#### Data for this task
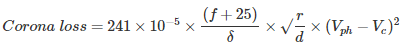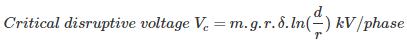 The voltage at which corona is just initiated is called critical disruptive voltage(Vc). At this critical disruptive voltage, corona is not visible but noise can be heard.
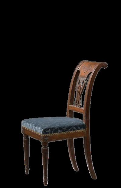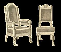 Inspirados en el estilo neoclásico. Respaldos rectangulares y con ornamentación en la base central, a veces compuesta por líneas diagonales o cruzadas.
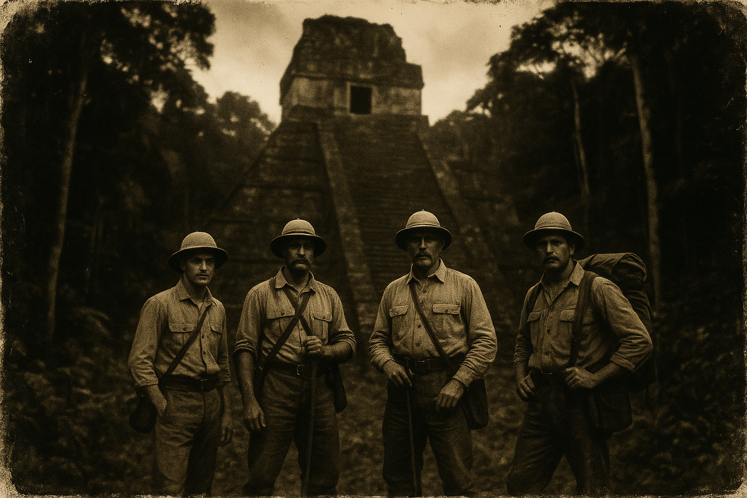Старая фотография 1920-х годов: группа исследователей в колониальных костюмах стоит перед недавно обнаруженной древней пирамидой в джунглях, потертые края изображения, следы времени и выцветшие оттенки сепии придают аутентичность историческому моменту
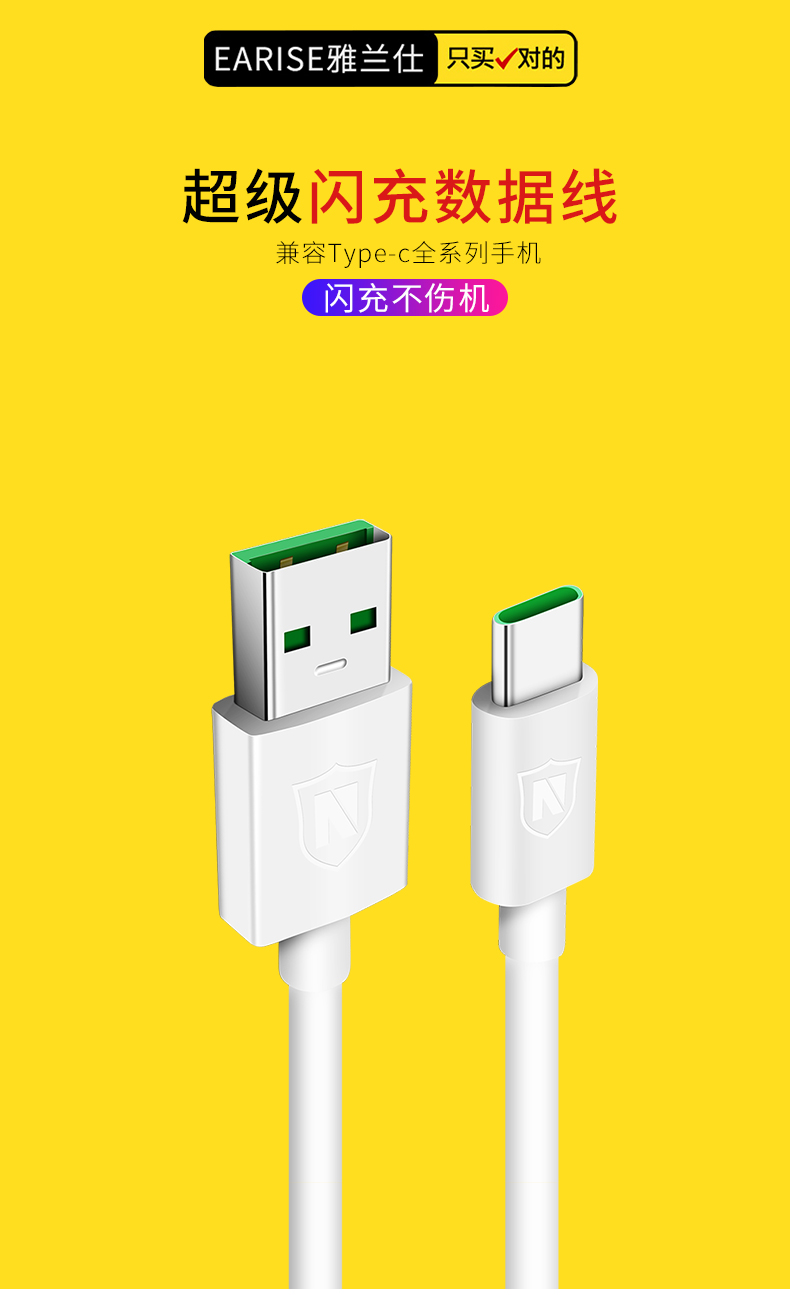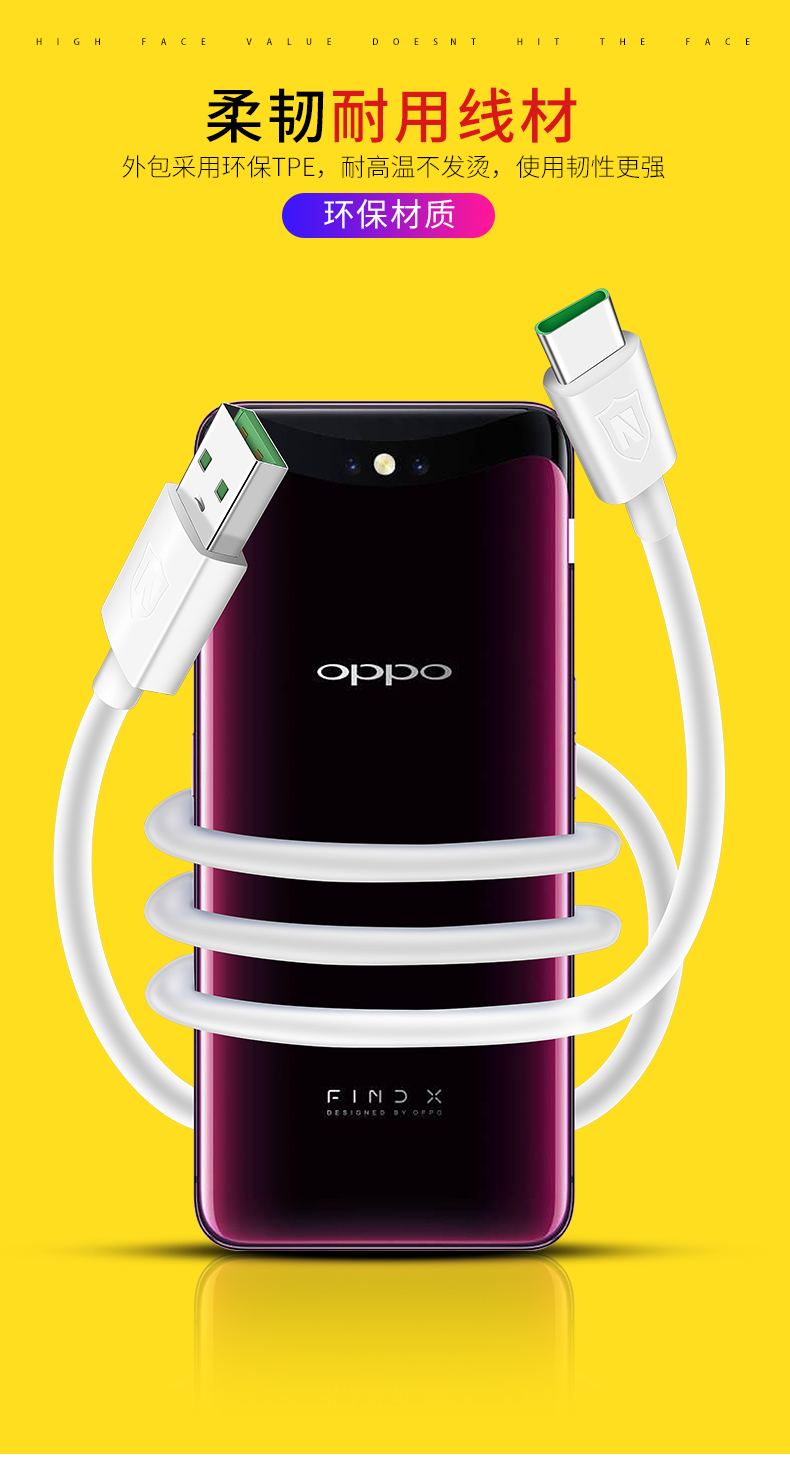 oppo闪充数据线Type-c数据线oppor17充电线oppofind x VOOC闪充数据线Reno K3快充数据线雅兰仕原装
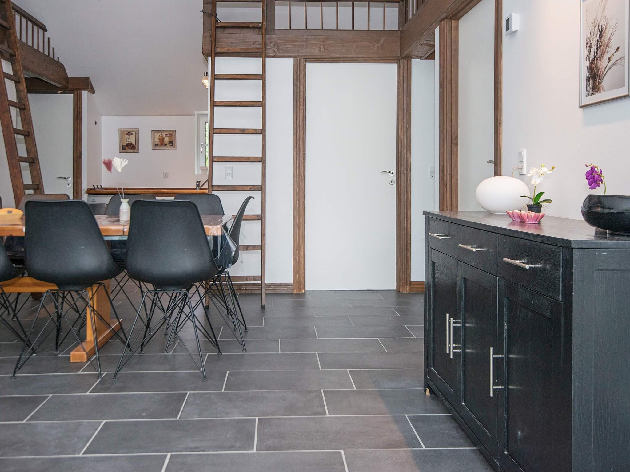 Im Außenbereich findet man mehrere geschützte Sitzplätze im Freien für sonnige Tage und lauschige Grillabende. Es gibt auch eine große, teilweise überdachte Terrassenfläche.
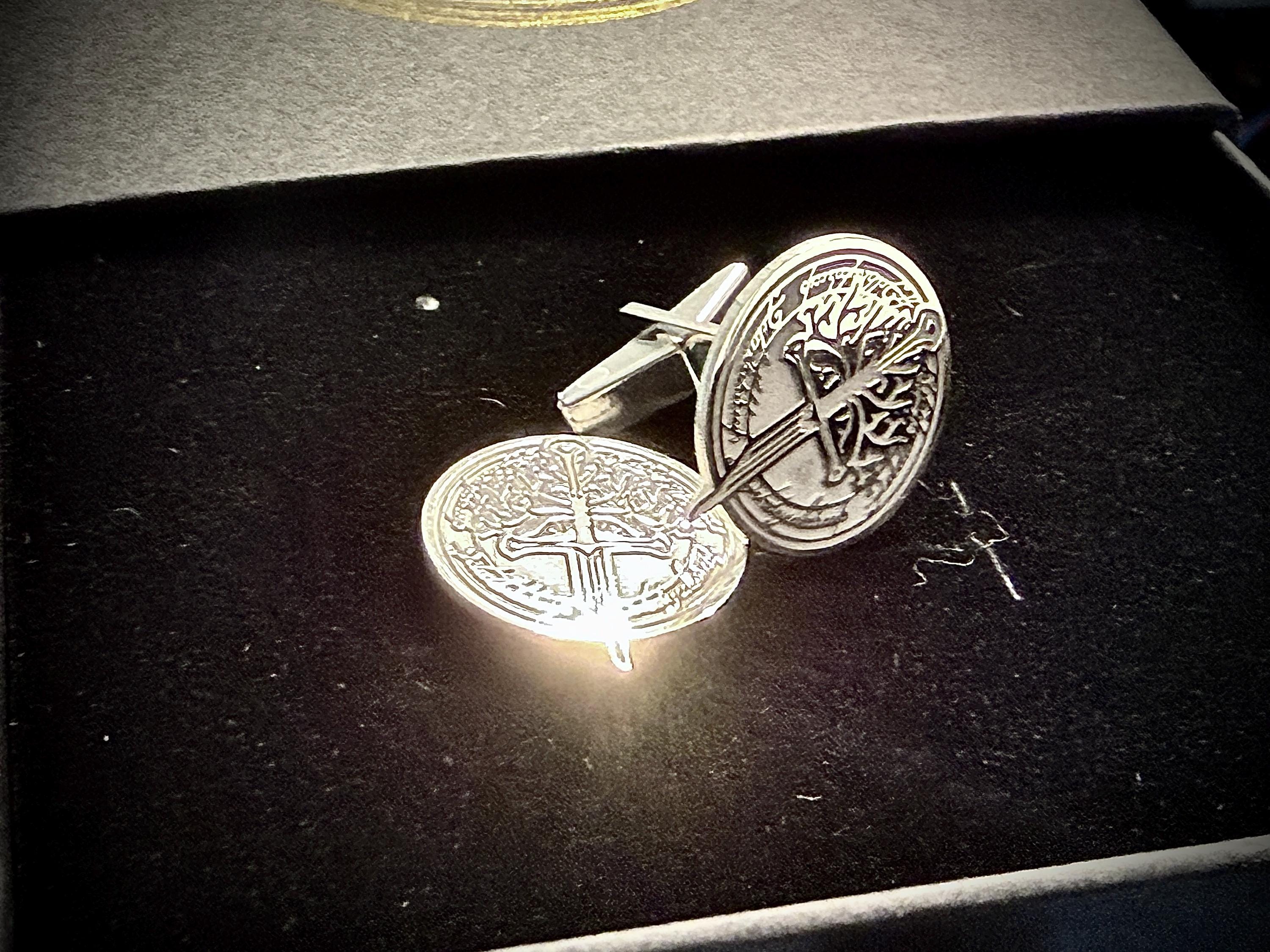 Elegant 925K Silver Cufflinks with Aragorn's Broken Sword & White Tree Design - Personalized for Weddings
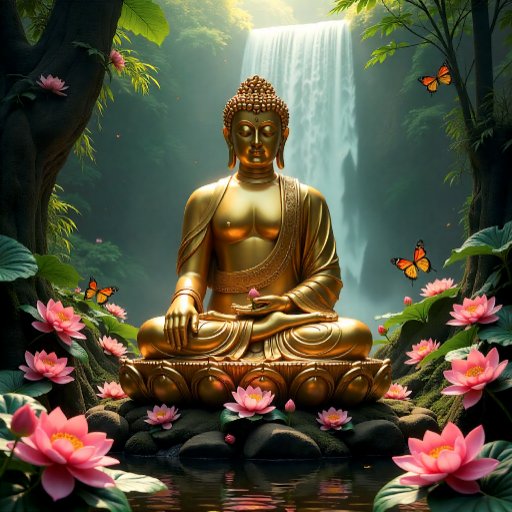 Bouddha tranquille méditant dans la forêt sous la cascade et entouré de fleurs de lotus et de papillons.
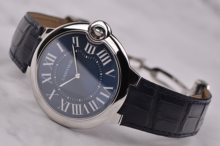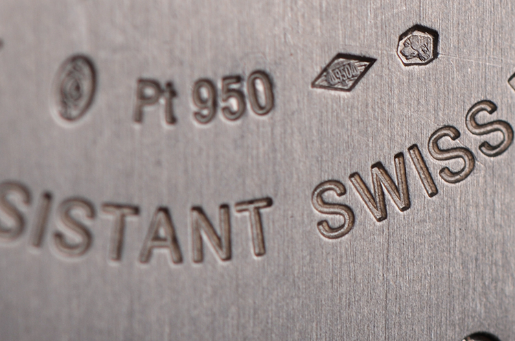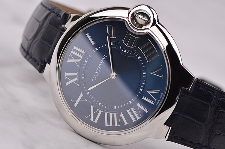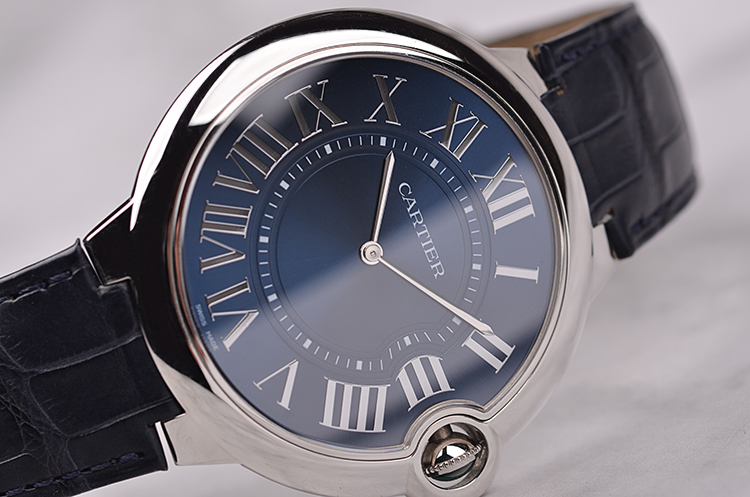PT950铂金表壳及折叠式表扣,圣伯纳狗头印记。原厂深蓝色鳄鱼皮表带成色较新。蓝宝石水晶镜面,立体蓝色旭日纹表盘,白金罗马数字刻度及指针,蓝宝石表冠。口径46MM*7MM(超薄厚度)。防水30M。
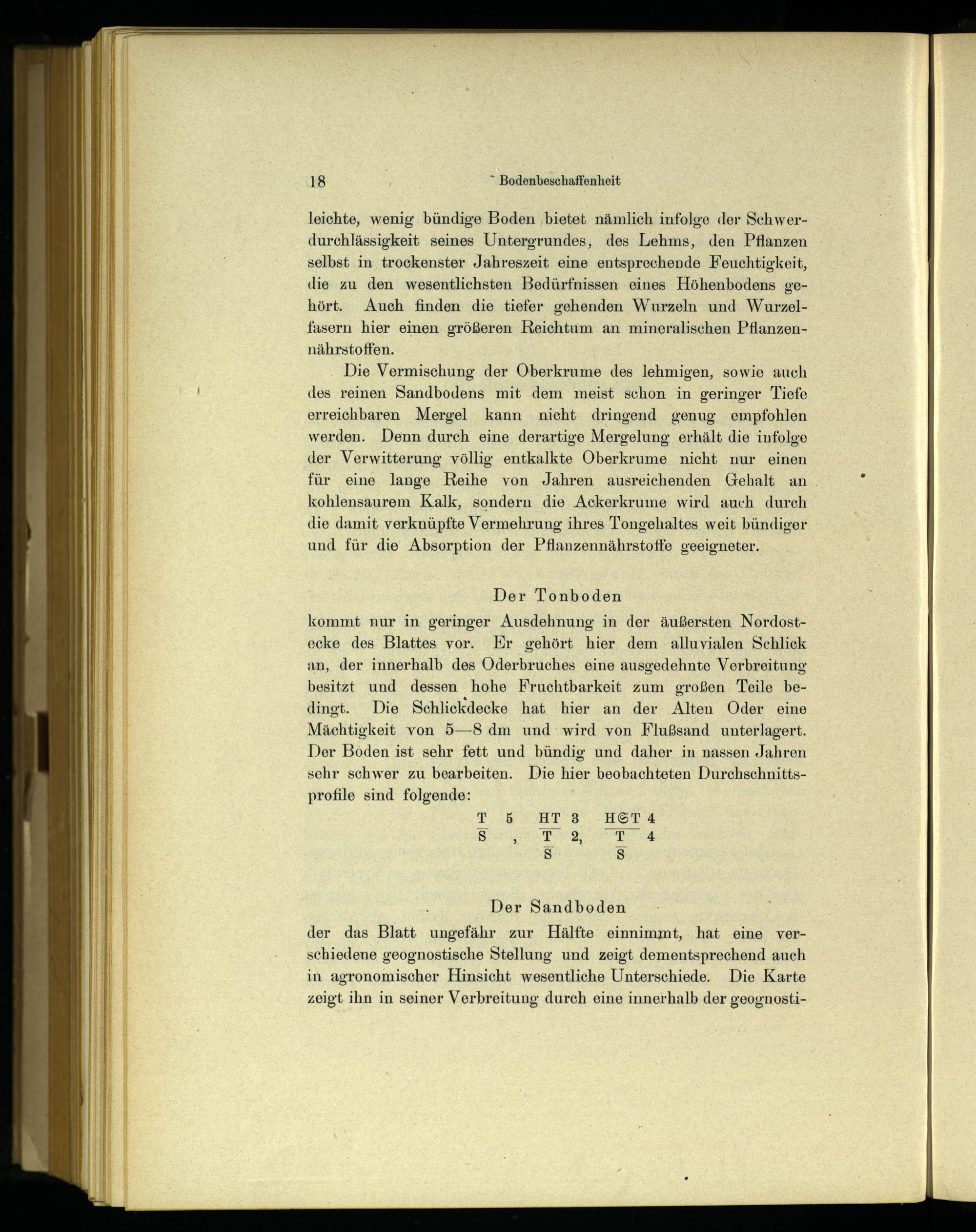 kommt nur in geringer Ausdehnung in der äußersten Nordostecke des Blattes vor. Er gehört hier dem alluvialen Schlick an, der innerhalb des Oderbruches eine ausgedehnte Verbreitung besitzt und dessen hohe Fruchtbarkeit zum großen Teile bedingt. Die Schliekdecke hat hier an der Alten Oder eine Mächtigkeit von 5—8 dm und wird von Flußsand unterlagert. Der Boden ist sehr fett und bündig und daher in nassen Jahren sehr schwer zu bearbeiten. Die hier beobachteten Durchschnittsprofile sind folgende:
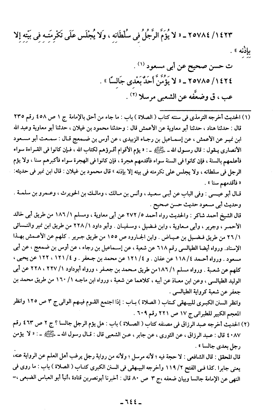 1423/ 25784 - "لا يُؤَمَ الرَّجُلُ في سُلْطَانِهِ، وَلا يُجْلَس عَلَى تَكْرِمَتِهِ فِي بَيتِهِ إِلا بِإِذْنِه".
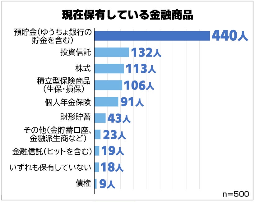 預貯金と比べると少ないものの、株式や投資信託といった答えも目立ちました。
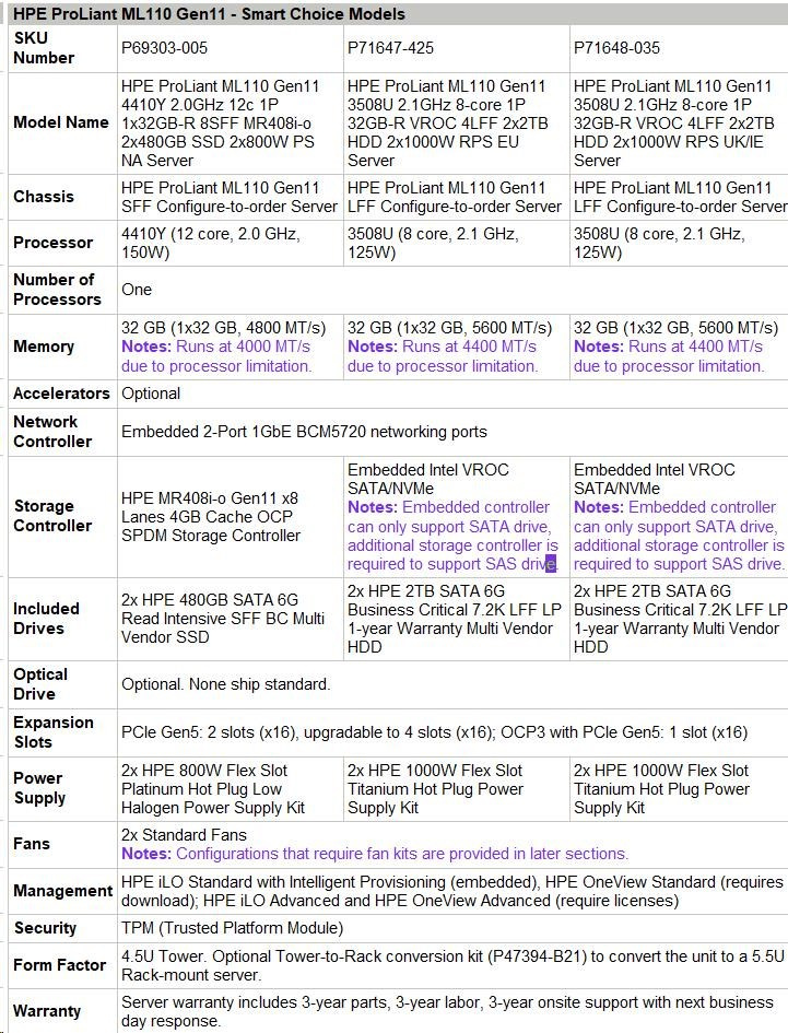 | Chassis | HPE ProLiant ML110 Gen11 LFF Configure-to-order Server |
########
_Your objective:_ An exact retyping of each record, with no pictures, is the answer required.

_Expected answer:_
 The voltage at which corona is just initiated is called critical disruptive voltage(Vc). At this critical disruptive voltage, corona is not visible but noise can be heard.
 Inspirados en el estilo neoclásico. Respaldos rectangulares y con ornamentación en la base central, a veces compuesta por líneas diagonales o cruzadas.
Старая фотография 1920-х годов: группа исследователей в колониальных костюмах стоит перед недавно обнаруженной древней пирамидой в джунглях, потертые края изображения, следы времени и выцветшие оттенки сепии придают аутентичность историческому моменту
 oppo闪充数据线Type-c数据线oppor17充电线oppofind x VOOC闪充数据线Reno K3快充数据线雅兰仕原装
 Im Außenbereich findet man mehrere geschützte Sitzplätze im Freien für sonnige Tage und lauschige Grillabende. Es gibt auch eine große, teilweise überdachte Terrassenfläche.
 Elegant 925K Silver Cufflinks with Aragorn's Broken Sword & White Tree Design - Personalized for Weddings
 Bouddha tranquille méditant dans la forêt sous la cascade et entouré de fleurs de lotus et de papillons.
PT950铂金表壳及折叠式表扣,圣伯纳狗头印记。原厂深蓝色鳄鱼皮表带成色较新。蓝宝石水晶镜面,立体蓝色旭日纹表盘,白金罗马数字刻度及指针,蓝宝石表冠。口径46MM*7MM(超薄厚度)。防水30M。
 kommt nur in geringer Ausdehnung in der äußersten Nordostecke des Blattes vor. Er gehört hier dem alluvialen Schlick an, der innerhalb des Oderbruches eine ausgedehnte Verbreitung besitzt und dessen hohe Fruchtbarkeit zum großen Teile bedingt. Die Schliekdecke hat hier an der Alten Oder eine Mächtigkeit von 5—8 dm und wird von Flußsand unterlagert. Der Boden ist sehr fett und bündig und daher in nassen Jahren sehr schwer zu bearbeiten. Die hier beobachteten Durchschnittsprofile sind folgende:
 1423/ 25784 - "لا يُؤَمَ الرَّجُلُ في سُلْطَانِهِ، وَلا يُجْلَس عَلَى تَكْرِمَتِهِ فِي بَيتِهِ إِلا بِإِذْنِه".
 預貯金と比べると少ないものの、株式や投資信託といった答えも目立ちました。
 | Chassis | HPE ProLiant ML110 Gen11 LFF Configure-to-order Server |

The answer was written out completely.